The National Registry Office stated that the electoral day proceeded with normality and full guarantees across Colombian territory. Once again we have delivered to the country with the organization of elections with full guarantees for all and with impeccable electoral logistics, National Registrar Hernán Penagos said at a press conference, after the urns closed at four in the afternoon local time. The day involved 122,020 polling tables distributed throughout the country. If no candidate exceeds 50% of valid votes, the top two will contest a runoff on 21 June.
Cepeda cast his vote in the Kennedy neighborhood, in southern Bogotá, where he was born and within a few blocks of the location where his father was assassinated twenty-six years ago. We are convinced that this afternoon we will celebrate the second progressive government in Colombia, the senator said, having framed his candidacy as a continuation of Petro's project. De la Espriella voted in his city of residence, Barranquilla, where he has his campaign headquarters, and posted a video on social media in which he warned without evidence of a possible collapse of the electoral system. Valencia, for her part, traveled to Rionegro, Antioquia, where she accompanied former president Álvaro Uribe to vote, her principal political reference. The uribista candidate argued from Bogotá that illegal groups were pressuring Colombians to vote for Cepeda, an allegation she has made repeatedly without presenting evidence and that the Pacto Histórico candidate has asked her to rectify.

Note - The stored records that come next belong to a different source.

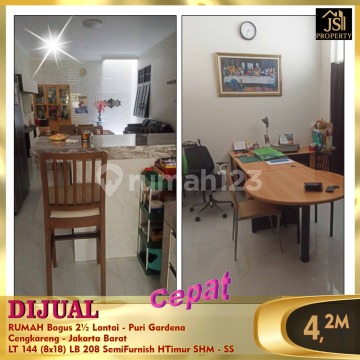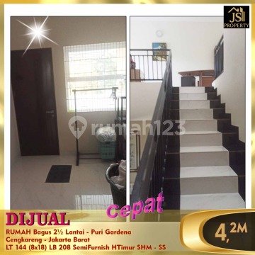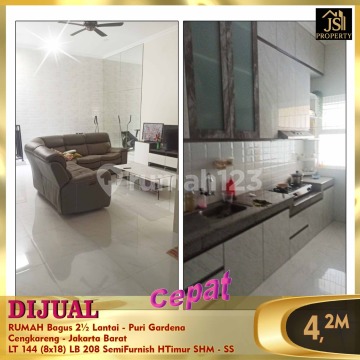 DIJUAL RUMAH Bagus 2½ Lantai - Puri Gardena Cengkareng - Jakarta Barat Bebas banjir Rumah depan taman 15 menit RS Mitra Keluarga 15 menit Sekolah Bunda Mulia 25 menit Bandara Soetta 15 menit jalan raya Daan Mogot Luas Tanah 144 m² Dimensi 8x18 m² Luas Bangunan 208 m² 2 ½ Lantai Kamar Tidur 4 Kamar Mandi 2 Semi Furnish Listrik 5.500 Watt Air WTP Sertifikat SHM Hadap Timur Harga 4,2 M Nego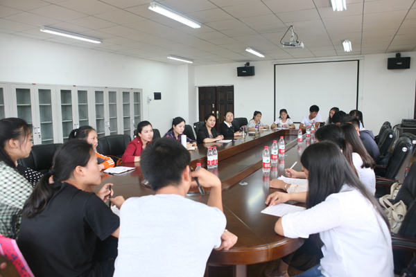 为深入了解学生在学习和生活中遇到的困难,给同学们创造更为便利、舒适的条件,切实为学生做好服务工作,护理学院于6月10日中午在百川楼5楼会议室召开了2015年学生座谈会,参加会议的有院党委副书记杨英、学生科科长曾敏、分团委书记金晶、2013级辅导员毕丽以及各年级学生代表。会议由曾敏老师主持。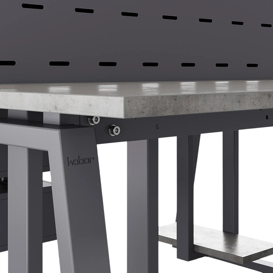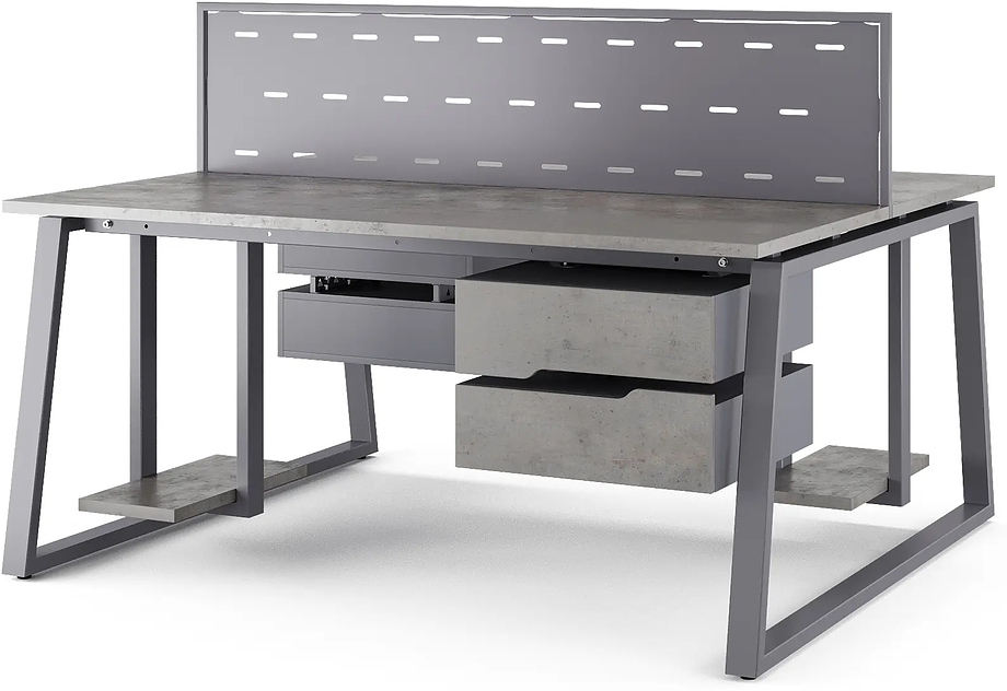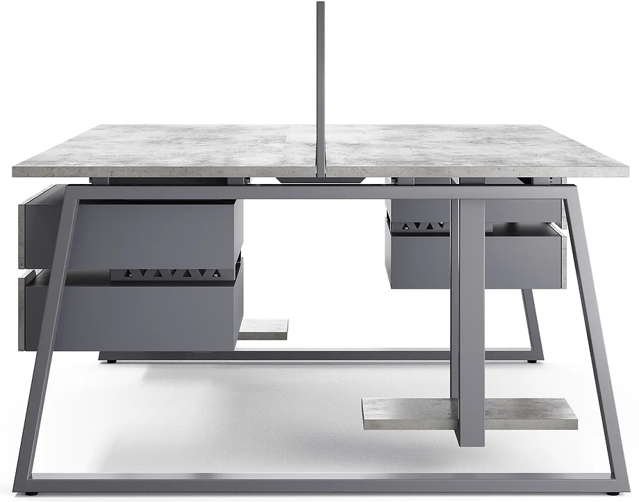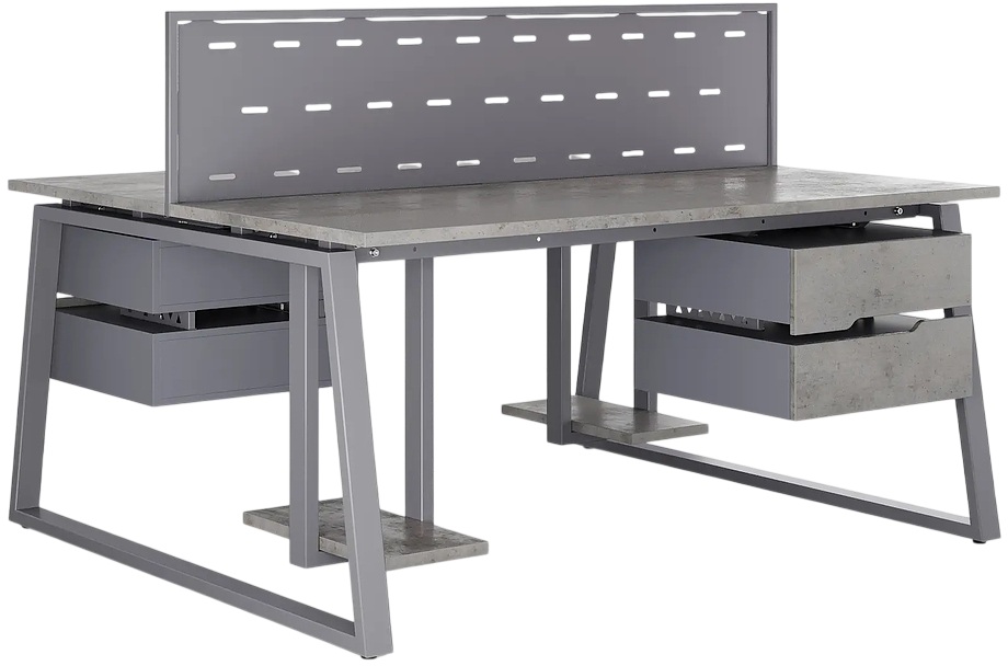 Офисный стол Кобор TR/2-140/140 graphite/chicago предназначен для двух рабочих мест и идеально подходит для офисов и кабинетов руководителей. Модель оснащена опорами в форме трапеции. Материал столешницы - прочный ЛДСП толщиной 25 мм, усиленная снизу металлическим каркасом, материал опор и каркаса - окрашенный металл.

The day was marked by sensitive institutional episodes. The Inspector General's Office opened an investigation against Labor Minister Antonio Sanguino for alleged political participation during a speech delivered in Valledupar. President Petro publicly displayed his electoral ballot in an act that could add to the ten investigations he already faces before the Accusations Committee of the Chamber of Representatives. Interior Minister Armando Benedetti did the same and revealed his vote for Cepeda. US-Colombian Senator Bernie Moreno attended as an electoral observer, invited by the National Electoral Council, who assessed the conduct of the day with the phrase so far, so good. The definitive figures will arrive over the course of Sunday night, once the National Registry Office incorporates the full set of polling station records into the count.